Cell Phones and Driving Defense
In Minnesota, and most other states in the U.S., texting and driving is illegal. According to Minnesota Statute 169.475, “no person may operate a motor vehicle while using a wireless communications device to compose, read, or send an electronic message, when the vehicle is in motion or a part of traffic.”
This includes while the person is driving as well as while the person is stopped in traffic, such as when they are waiting at a red light. It includes texting as well as checking email or surfing the Internet. While there are exceptions, such as for obtaining emergency assistance, generally you will be fined if you are caught texting and driving. The second offense for texting and driving will likely result in at least a $225 fine.
With teens, there are even stricter driving laws when it comes to using a cell phone while driving. Those who are under 18 are prohibited from using handheld cell phones while driving.
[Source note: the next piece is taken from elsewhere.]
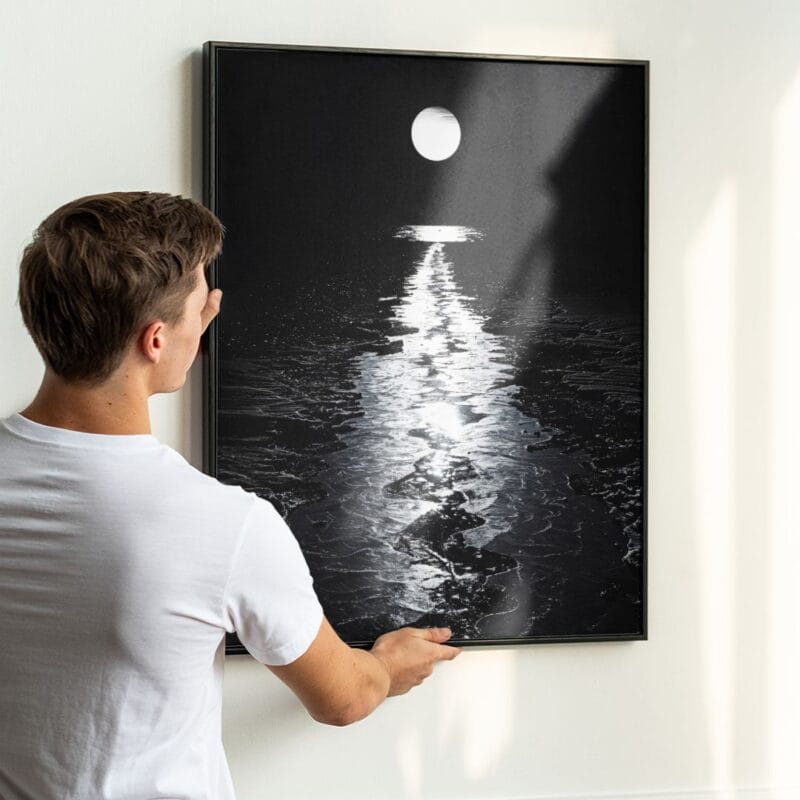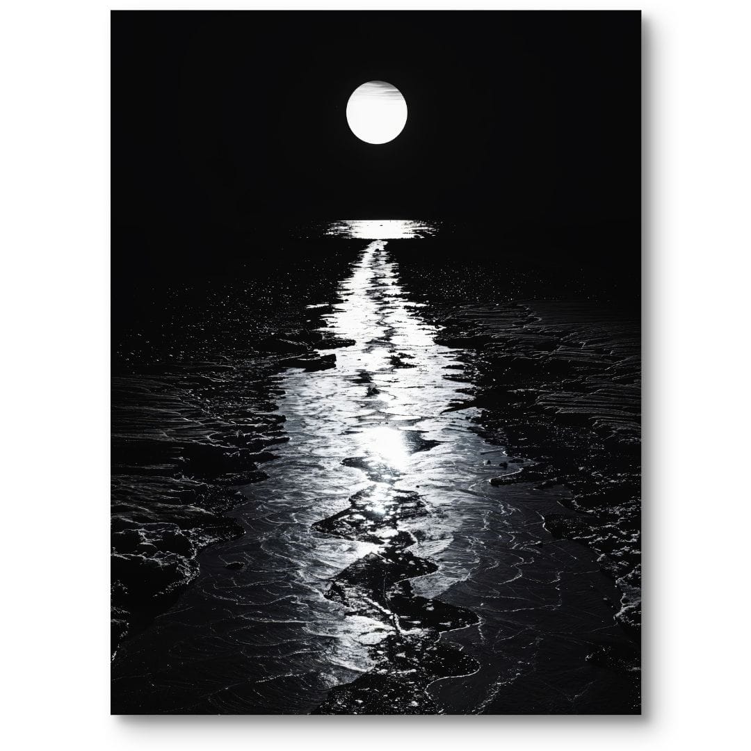 Plakat przedstawia tajemniczy, pełen głębi krajobraz nocny, w którym wyjątkową rolę odgrywa świetlista ścieżka odbijającego się w wodzie księżyca. Centralnym elementem kompozycji jest lśniący, pełny księżyc górujący wysoko na niebie, którego blask subtelnie prowadzi wzrok widza aż do serca ujęcia. Spokojne, bezludne otoczenie potęguje atmosferę samotności i zagadkowości, sprawiając, że plakat wprowadza w świat cichej kontemplacji. To idealna propozycja dla pasjonatów nocnych pejzaży i miłośników surowego piękna natury.

Both texting and driving and teen cell phone laws are primary laws, meaning an officer can pull you over and issue a citation simply for violating that law.
Underage Drinking and Driving Defense
Underage drinking and driving is illegal in Minnesota, as well as all other U.S. states. For drivers under 21 years old, any driver with a BAC above 0.00% may be cited for driving under the influence. Even if the BAC is below the usual legal limit of .08%, the teen’s license could be suspended for 30 days. With a higher BAC or with subsequent convictions. The teen will also likely face a fine. Even for a first offense, the fine could be up to $1,000. The teen’s insurance rates will also go up significantly. In some cases, the insurance company will refuse to continue to insure someone who has gotten an underage DUI.
Curfew Violations Defense
Curfew laws in Minnesota are enforced by the county or city. Because of this, the exact nature of the law differs throughout the state, but most counties have similar laws. As an example, in Hennepin County, those under 12 cannot be out after 9 pm Sunday-Thursday and after 10 pm Friday-Saturday. For those 12-14, they get an extra hour before curfew. Those 15-17 should be home by 11 pm Sunday-Thursday and by midnight on Friday and Saturday nights. For all ages, this curfew extends to 5 am the next morning. Exceptions are made for things such as children and teens who are with their parents as well as those returning from work, school activities, religious observances, and when there is an emergency. Those violating these ordinances may face a fine as well as community service.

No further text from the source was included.